As alunas não esperam ter tanto sucesso com o projeto | Foto Eduardo Montecino OCP News

Scheila destaca que a bala tem levado as duas a lugares imagináveis, conhecer culturas completamente diferentes e aprender novas experiências com ideias de outros estudantes. "Fiquei surpresa quando descobri que iriamos a outro país", frisa.
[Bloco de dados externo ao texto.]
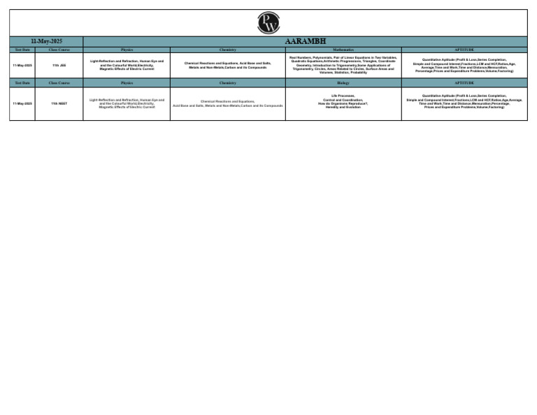 11-May-2025 11th NEET and the Colourful World,Electricity, How do Organisms Reproduce?, Time and Work,Time and Distance,Mensuration,Percentage,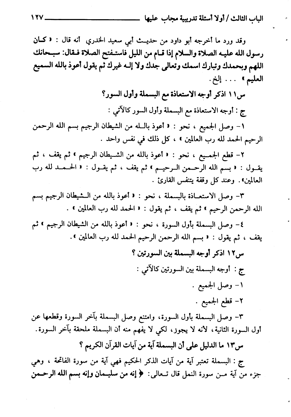 س 13 ما الدليل على أن البسملة آية من آيات القرآن الكريم؟

O impacto da iniciação científica

O secretário de Educação, Rogério Jung, conta que tinha a preocupação em fazer escolas integrais darem certo na cidade, como é o caso da Luiz Gonzaga Ayroso. Conversando com o professor Facchini, o secretario resolveu incentivar a iniciação científica na escola em 2017.

Somente no ano passado, a escola produziu 36 projetos desse ramo. No 6º ano, a aplicação científica é obrigatória para que os alunos possam conhecer melhor esse mundo e no 7º ao 9º ano é facultativo.

"Quando começamos a iniciação científica, eu tinha certeza que daria [certo], mas não tão rápido", destaca Jung.

O secretario conta que esses projetos incentivam as crianças a buscarem o conhecimento, explorar outras culturas, agregando um valor além da sala de aula. "Eu vejo que eles aprendem brincando. A educação tem a função de formar a parte social da nossa cidade", comenta.